Everything in the listing that follows should be reproduced exactly except the pictures.

DATA EXCERPT:
⟨
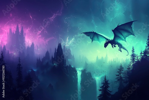 Dragon Soaring Over a Foggy City with Purple and Green Skies
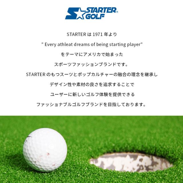 STARTER のもつスーツとポップカルチャーの融合の理念を継承しデザイン性や素材の良さを追求することでユーザーに新しいゴルフ体験を提供できるファッショナブルゴルフブランドを目指しております。
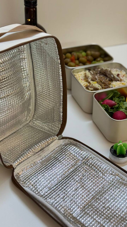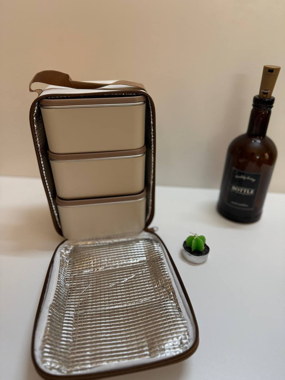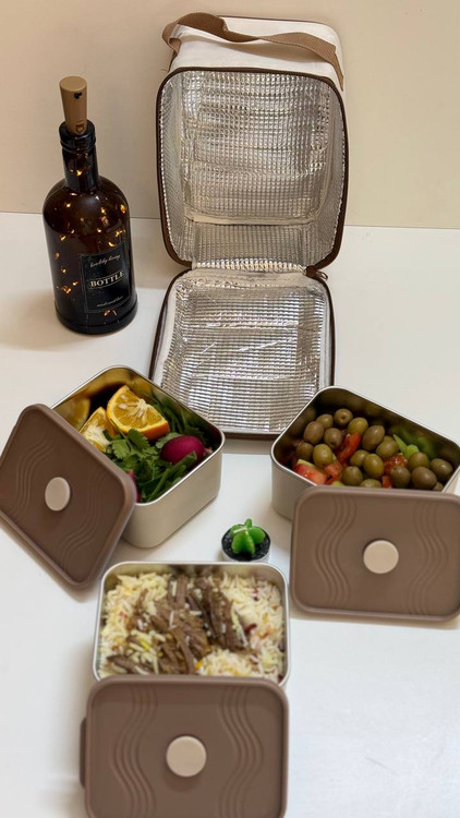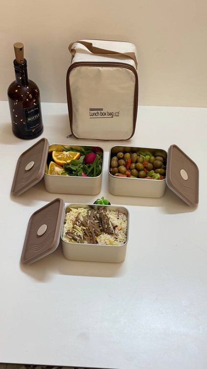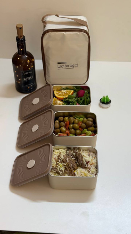 ظرف غذا سه طبقه مستطیلی همراه کیف غذا داخل عایق
⟩
TASK RESPONSE:
 Dragon Soaring Over a Foggy City with Purple and Green Skies
 STARTER のもつスーツとポップカルチャーの融合の理念を継承しデザイン性や素材の良さを追求することでユーザーに新しいゴルフ体験を提供できるファッショナブルゴルフブランドを目指しております。
 ظرف غذا سه طبقه مستطیلی همراه کیف غذا داخل عایق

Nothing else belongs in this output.